I just finished reading Willi Heinrich's "Cross of Iron" (aka "The Willing Flesh") on which Peckinpah's movie was based, and focuses on the 101st Jager division in the Caucasus and Crimea. The author served in this unit during the time period in which the story takes place.
While not an uplifting book, I did really enjoy reading it. The version I have was fully anglicized in its translation (submachine guns were referred to as Tommy guns for both sides) which was annoying at first, but the quality of the story overcame it.
Even if you have seen the movie, the book is worth reading since it is significantly different than the movie.
It is brutal, chauvinistic (women and homosexuals are caricatures, not characters) and somewhat nihilistic, but that sounds like the Eastern Front to me.
From Wikipedia:
Willi Heinrich was born in Heidelberg, Baden-Württemberg, and during the Second World War he fought the Russians in the Eastern Front with the 1st Battalion 228th Jäger Regiment of the 101st Jäger Division, the infantry unit of the characters of Das Geduldige Fleisch (The Willing Flesh; Cross of Iron), his most famous novel. In the war's course, the 101st Jäger Division suffered seven hundred per cent casualties; Heinrich was wounded five times.

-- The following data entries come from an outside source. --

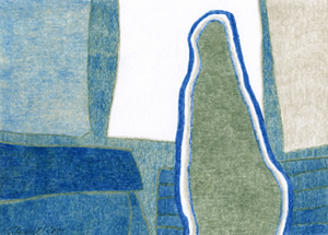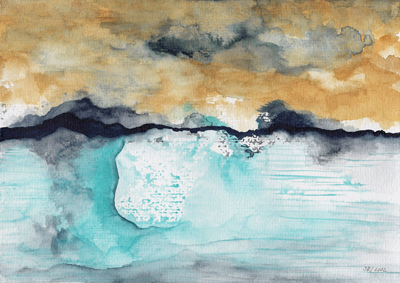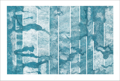 Vor einigen Jahren zeichnete ich in einer Serie von sechs Arbeiten einige Muster und Strukturen dazu. Das eisblaue Bild schien mir wegen seiner Farbigkeit nun für den Dezember als Angebot besonders passend.
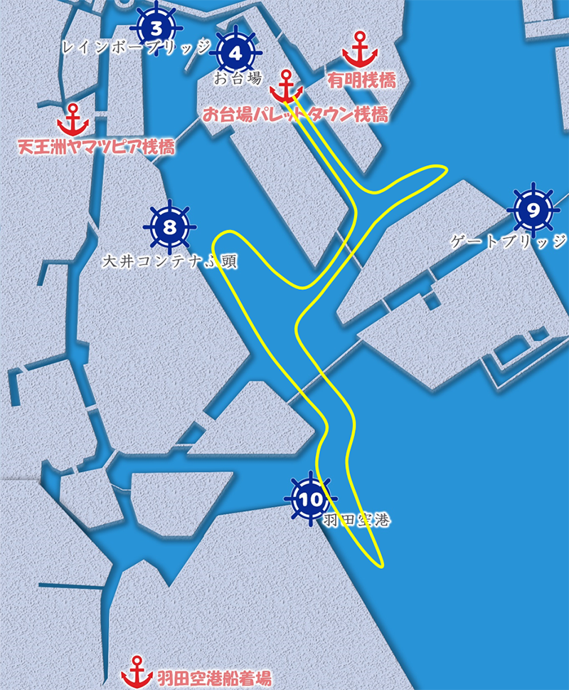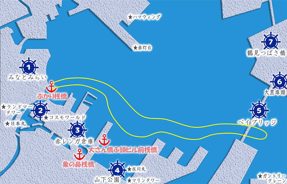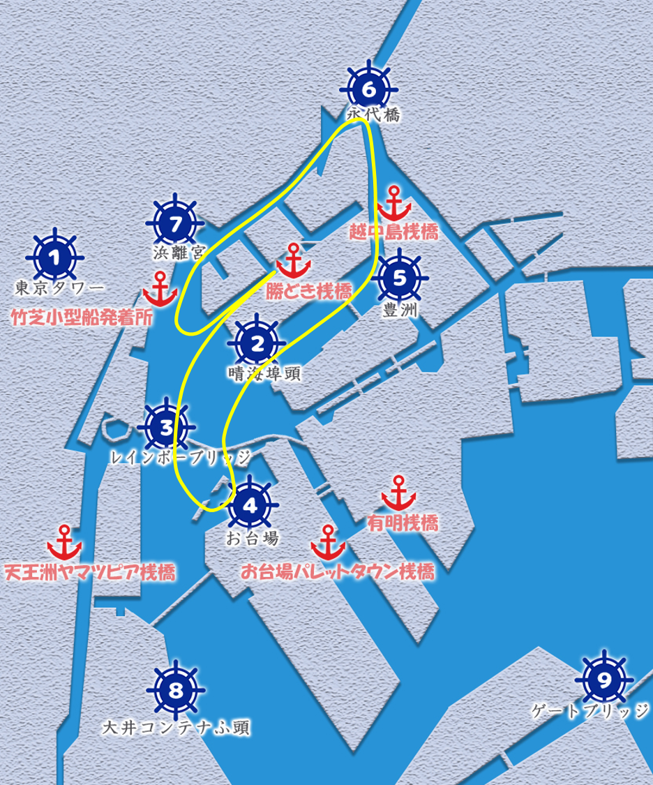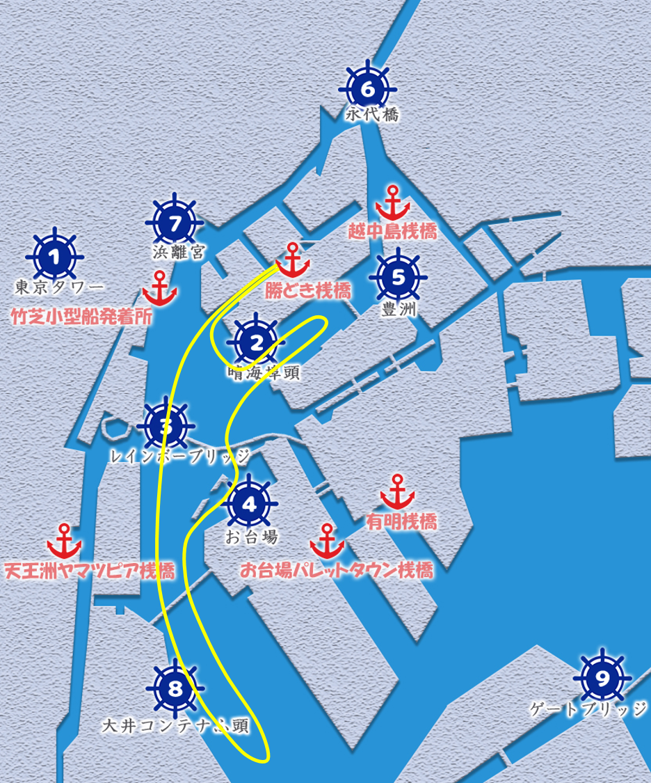 乗下船場所は、東京・横浜の下記の桟橋よりお好きな場所をお選びいただけます。
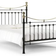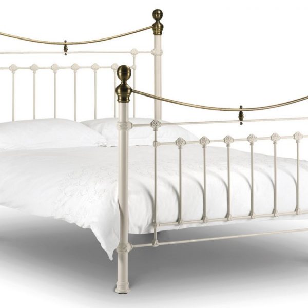 A traditional, victorian inspired bedstead with brass embellishments in a stone white finish.
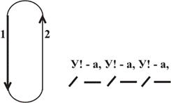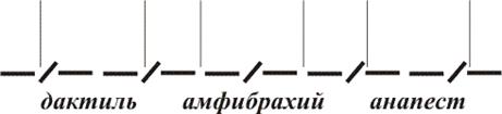 Там, не отвлекаясь от своего основного занятия, он, тем не менее, почувствует: безударный толчок от колеса 3, ударный от колеса 1 и вновь безударный от колеса 2. Этот более сложный фрикционный ритм называется амфибрахием:
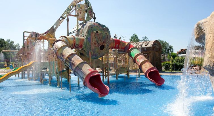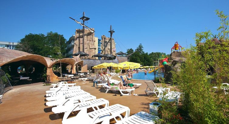На территории отеля несколько бассейнов - в одной части они,скорее, для отдыхающих без детей - можно расслабиться на лежаках с коктейлем (до 23.00 работает пул бар,у кого All inc - можно пользоваться. Между обедом и ужином там есть вкусняшки (мороженое - оооочень вкусное) и хот-доги). В другой части аквапарк - там раздолье как для детей, так и для взрослых) Там же есть ресторанчик, для тех, кто брал только завтраки - можно кушать, цены приятные - суп 3 лева(1,5 евро), салат 2 лева и т.п.
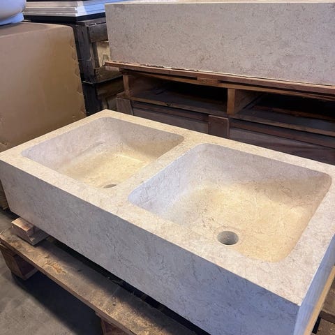 Dobbeltvask i marmor inklusive amature + tilhørende spejl

After the war, Heinrich became a writer; his first novel, In einem Schloss zu wohnen, written 1950–1952, went unpublished until 1976, when he was an established novelist. His first commercial novel, Das Geduldige Fleisch (The Willing Flesh), was published in 1955, and almost immediately was translated to English and published as The Willing Flesh (1956), by Weidenfield & Nicolson in the U.K., and as Cross of Iron (1957), by Bobbs-Merrill in the U.S. To date, the novel remains in print and in many editions; in 1977, Sam Peckinpah cinematically adapted it as Cross of Iron, featuring James Coburn as the protagonist anti-hero Rolf Steiner.
Though he began as a war genre novelist, Heinrich concentrated in the potboiler genre of soapy, sexy stories that were very popular in the 1970s and 1980s. Most of his books are novels, but Erzählungen (1985) is an anthology comprising three novellas: (i) Die Freundinnen, (ii) Fata Morgana, and (iii) Harte Bandagen. His last book, Der Gesang Der Sirenen [The Singing of the Sirens], was published in 1994 when he already was retired; Willi Heinrich died in Dobel, near Karlsruhe, in 2005.